* _TASK REQUIREMENTS_
When duplicating the records beneath this instruction, omit every picture and keep all else exact.

= Beginning of Section =

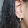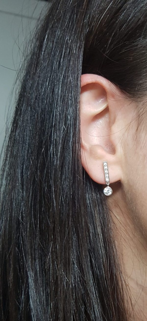 Pendientes de plata con circonitas. Tamaño 18 milímetros de alto, pendiente con movimiento, contiene 8 piedras de 1,25 milímetros y 2 de 4 milímetros. Lleva cierre de presión. Bañado en rodio
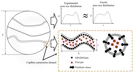 In order to construct an adsorption model that can reasonably and accurately describe the adsorption process of gas in coal seams, this article proposes a new fractal capillary bundle model. This model introduces the concept of fictitious stress based on molecular dynamics theory [] and discusses how parameters such as tortuosity fractal dimension, capillary fractal dimension, and fictitious stress affect pore structure and gas adsorption capacity. This model differs from conventional gas adsorption models by incorporating the concept of virtual stress to explain how key parameters, such as rock porosity and permeability, change during the adsorption process. It specifically focuses on the adsorption behavior of gas in rocks, providing a more comprehensive understanding of the underlying mechanisms.
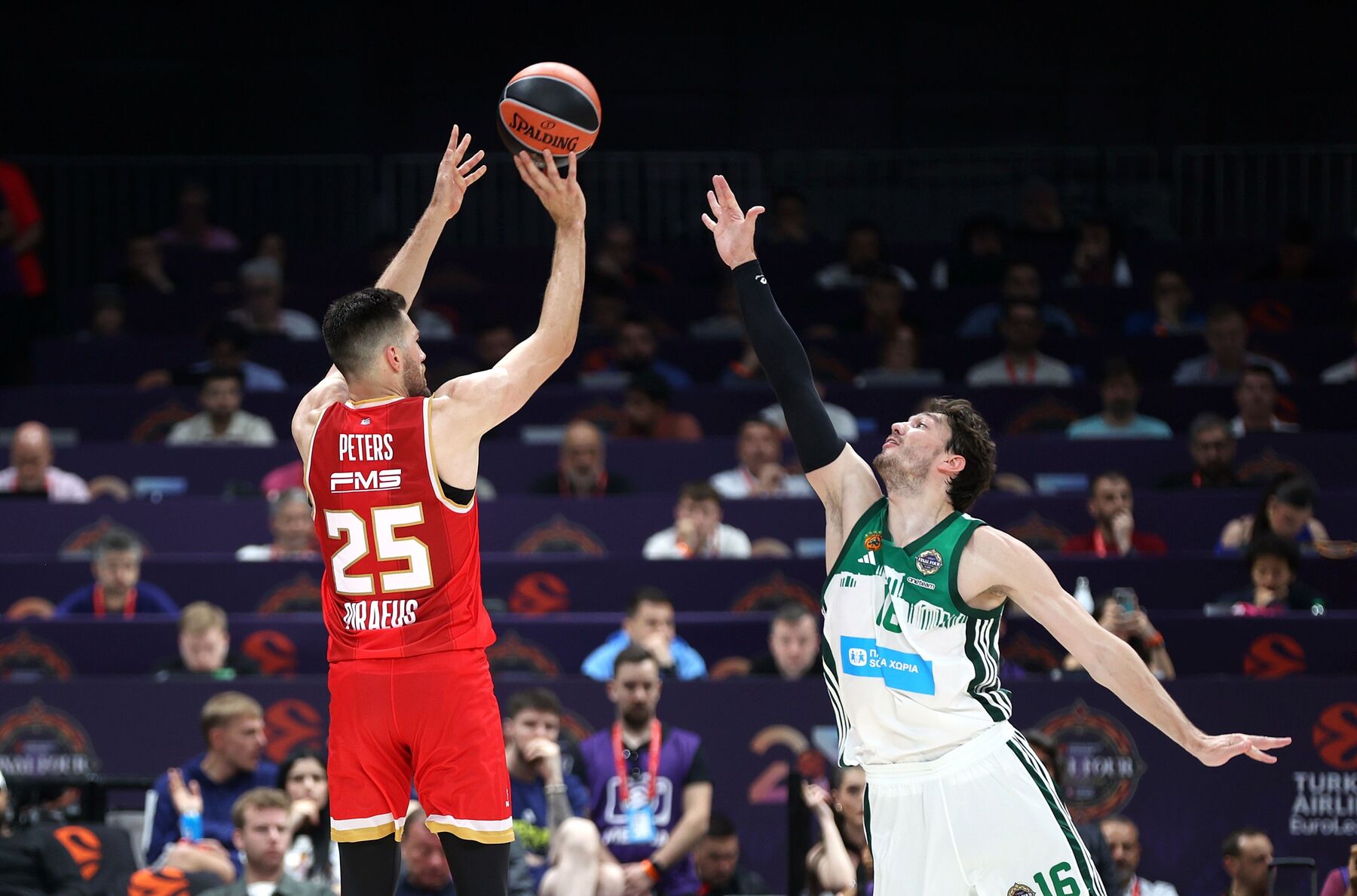 Πίτερς και Βεζένκοφ είχαν αθροιστικά 11/13 τρίποντα, με τον Ολυμπιακό να φτάνει στο +14 (86-72) στο ξεκίνημα της τέταρτης περιόδου (33'), πριν ο Γιουρτσεβέν σκοράρει και πάρει και το φάουλ για το 86-74. Οι Πράσινοι μείωσαν μέχρι και τους 7 (93-86, 38') μετά από 4 συνεχόμενες βολές του Λεσόρ (12π.) και καλάθι του Καλαϊτζάκη (4π.), με τον Ολυμπιακό να κρατάει τα ηνία μέχρι το φινάλε και να βγαίνει νικητής από το ντέρμπι της τρίτης θέσης!
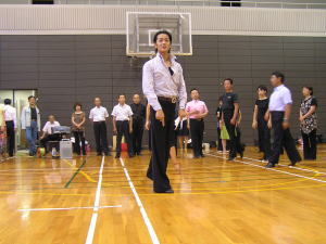 午前の実技講習は、JDC 全日本 ラテンファイナリストの真田 啓嗣・中野 愛子組が講師として招かれ、ルンバをテーマに講習が行われた。ウオークの仕方、重心の取り方、手の使い方、リードの仕方、練習の仕方、カウントの取り方等、多くの項目について実際に自分で踊りながらの指導に受講生もよく理解できたようだった。
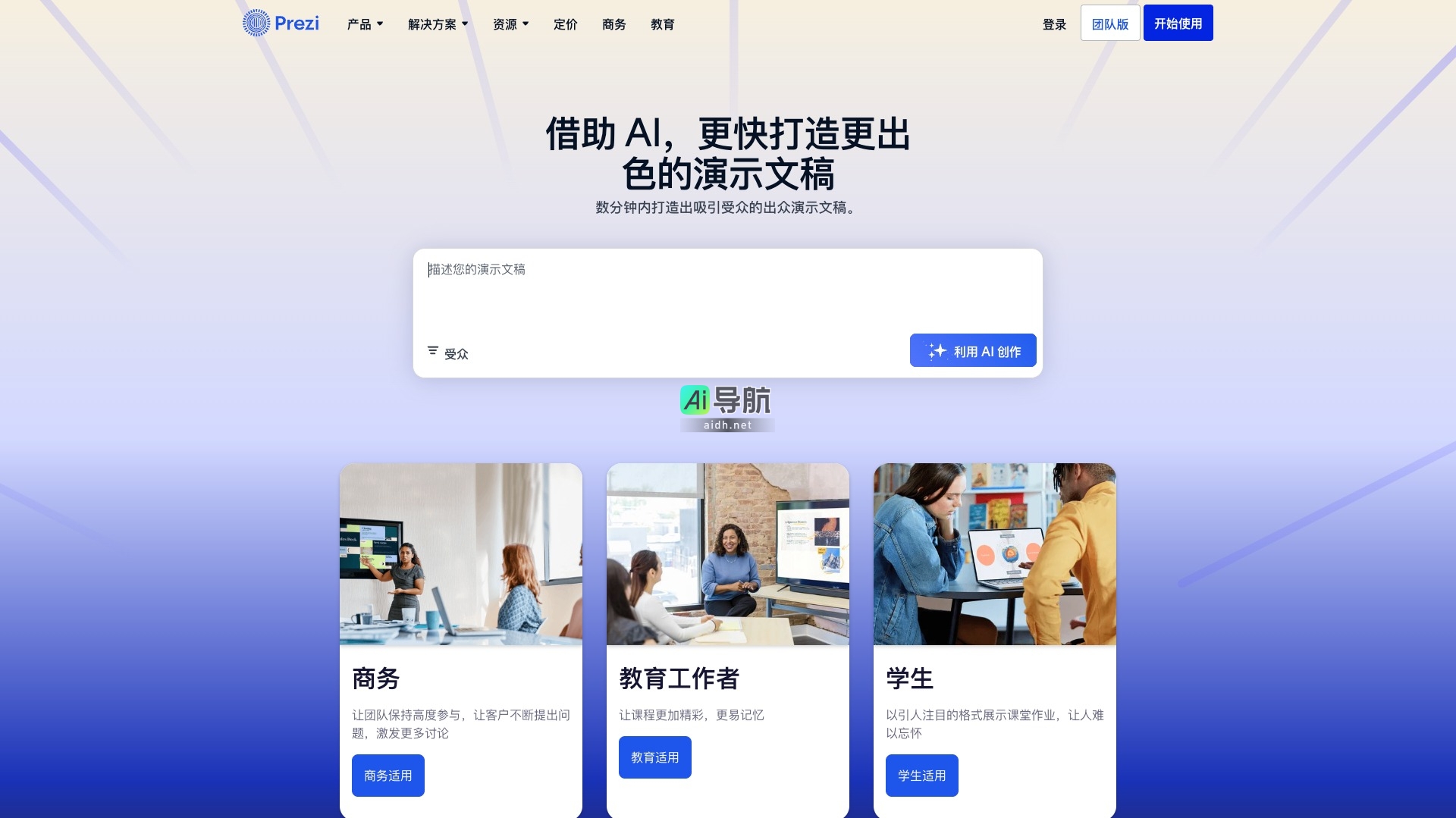 Prezi是一款创新的演示文稿工具,致力于通过AI技术帮助用户快速创建引人注目的演示内容。无论是商务会议、教育课程还是学生作业,Prezi都能提供独特的视觉效果和互动体验,提升受众的参与感和记忆度。
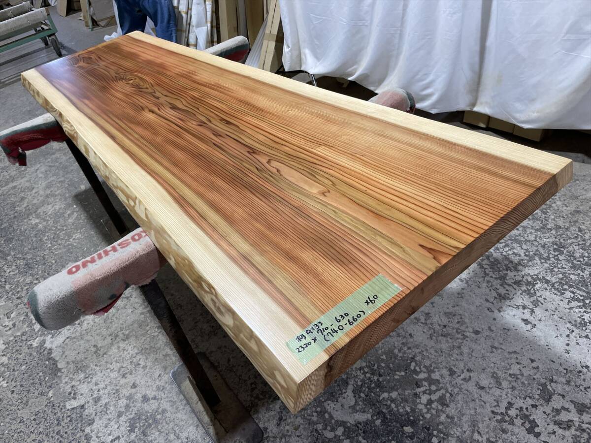 - 杉9133 一枚板無垢 2320x710-630x60mm 乾燥材 センターテーブル ダイニングテーブル ウレタン塗装 セラウッド塗装 テーブル板
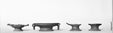 | Description: | Part of the floor and the cylindrical stem and flaring foot of an unglazed dish. A groove around the outer edge of the foot. Fine pinkish-buff clay; creamy slip. Unglazed. | |
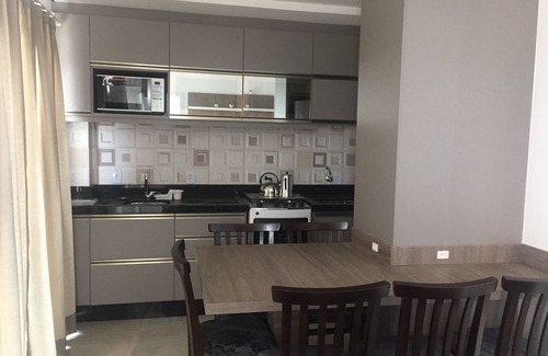 Aptos high standard on the beach of pinheira all new with two bedrooms, air, living room and kitchen, bathroom with luxury shower and mirrored cabinets, living room with sofa and tv, full kitchen with all appliances, microwave, duplex refrigerator, stove 4 burner, domestic utensils, balcony with barbecue, washing tank, communal washing machine, curtains, luxury walls, fully secure
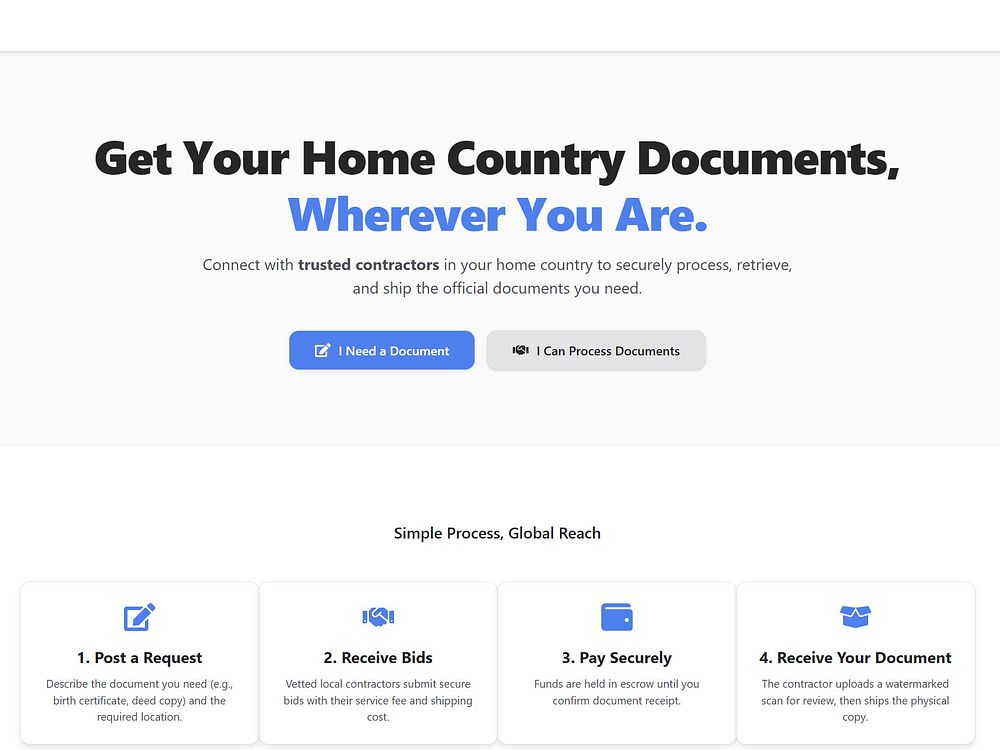 Docs by Proxy connects you with verified local contractors in your home country to securely process and retrieve official records and ship them to you worldwide. You can post a request, receive bids, and pay through escrow; funds are released only after you confirm receipt. Contractors upload a watermarked scan for review before shipping, and the platform safeguards your personal details end to end.
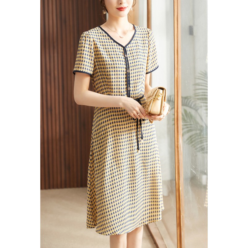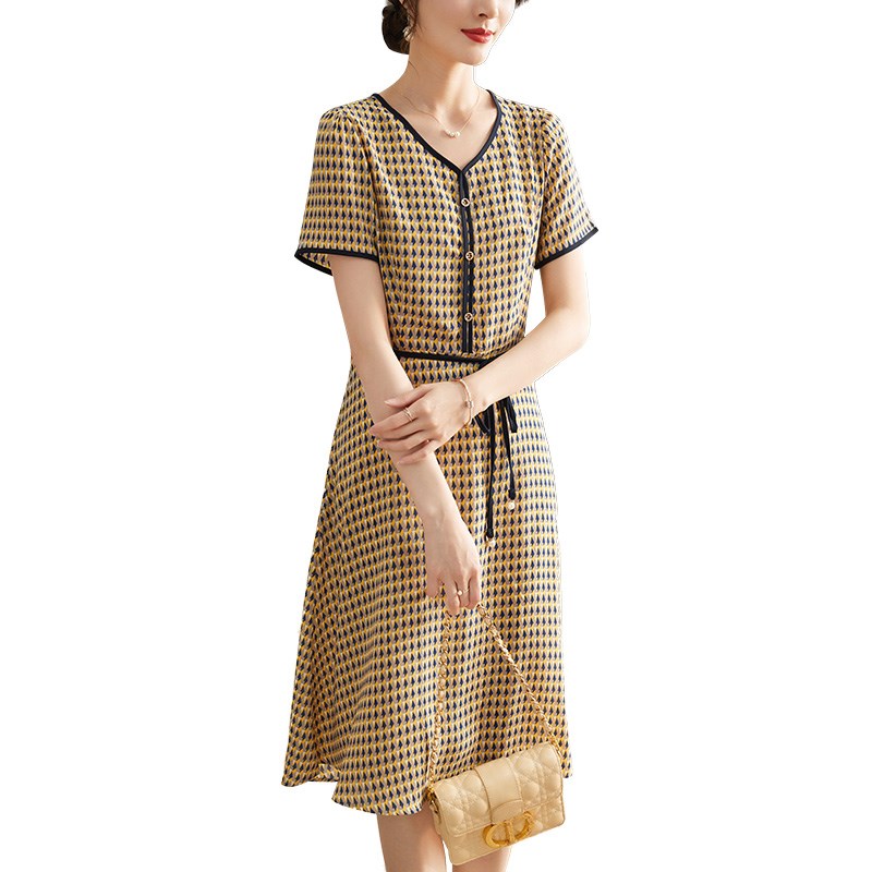 年轻妈妈夏装连衣裙洋气质雪纺裙中老年女士夏季40岁50收腰长裙子
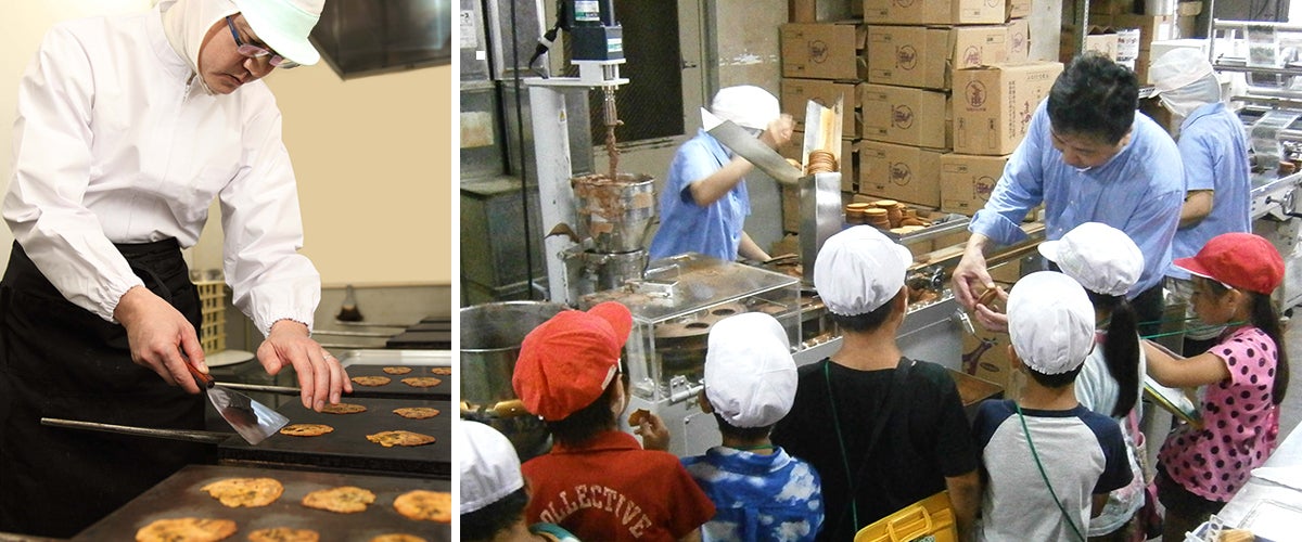 人気レポーターの井上さんと清信手焼き作業と地域小学校の工場見学宮島さんとその他の商品

= End of Section =

* _ANSWER SECTION_
 Pendientes de plata con circonitas. Tamaño 18 milímetros de alto, pendiente con movimiento, contiene 8 piedras de 1,25 milímetros y 2 de 4 milímetros. Lleva cierre de presión. Bañado en rodio
 In order to construct an adsorption model that can reasonably and accurately describe the adsorption process of gas in coal seams, this article proposes a new fractal capillary bundle model. This model introduces the concept of fictitious stress based on molecular dynamics theory [] and discusses how parameters such as tortuosity fractal dimension, capillary fractal dimension, and fictitious stress affect pore structure and gas adsorption capacity. This model differs from conventional gas adsorption models by incorporating the concept of virtual stress to explain how key parameters, such as rock porosity and permeability, change during the adsorption process. It specifically focuses on the adsorption behavior of gas in rocks, providing a more comprehensive understanding of the underlying mechanisms.
 Πίτερς και Βεζένκοφ είχαν αθροιστικά 11/13 τρίποντα, με τον Ολυμπιακό να φτάνει στο +14 (86-72) στο ξεκίνημα της τέταρτης περιόδου (33'), πριν ο Γιουρτσεβέν σκοράρει και πάρει και το φάουλ για το 86-74. Οι Πράσινοι μείωσαν μέχρι και τους 7 (93-86, 38') μετά από 4 συνεχόμενες βολές του Λεσόρ (12π.) και καλάθι του Καλαϊτζάκη (4π.), με τον Ολυμπιακό να κρατάει τα ηνία μέχρι το φινάλε και να βγαίνει νικητής από το ντέρμπι της τρίτης θέσης!
 午前の実技講習は、JDC 全日本 ラテンファイナリストの真田 啓嗣・中野 愛子組が講師として招かれ、ルンバをテーマに講習が行われた。ウオークの仕方、重心の取り方、手の使い方、リードの仕方、練習の仕方、カウントの取り方等、多くの項目について実際に自分で踊りながらの指導に受講生もよく理解できたようだった。
 Prezi是一款创新的演示文稿工具,致力于通过AI技术帮助用户快速创建引人注目的演示内容。无论是商务会议、教育课程还是学生作业,Prezi都能提供独特的视觉效果和互动体验,提升受众的参与感和记忆度。
 - 杉9133 一枚板無垢 2320x710-630x60mm 乾燥材 センターテーブル ダイニングテーブル ウレタン塗装 セラウッド塗装 テーブル板
 | Description: | Part of the floor and the cylindrical stem and flaring foot of an unglazed dish. A groove around the outer edge of the foot. Fine pinkish-buff clay; creamy slip. Unglazed. | |
 Aptos high standard on the beach of pinheira all new with two bedrooms, air, living room and kitchen, bathroom with luxury shower and mirrored cabinets, living room with sofa and tv, full kitchen with all appliances, microwave, duplex refrigerator, stove 4 burner, domestic utensils, balcony with barbecue, washing tank, communal washing machine, curtains, luxury walls, fully secure
 Docs by Proxy connects you with verified local contractors in your home country to securely process and retrieve official records and ship them to you worldwide. You can post a request, receive bids, and pay through escrow; funds are released only after you confirm receipt. Contractors upload a watermarked scan for review before shipping, and the platform safeguards your personal details end to end.
 年轻妈妈夏装连衣裙洋气质雪纺裙中老年女士夏季40岁50收腰长裙子
 人気レポーターの井上さんと清信手焼き作業と地域小学校の工場見学宮島さんとその他の商品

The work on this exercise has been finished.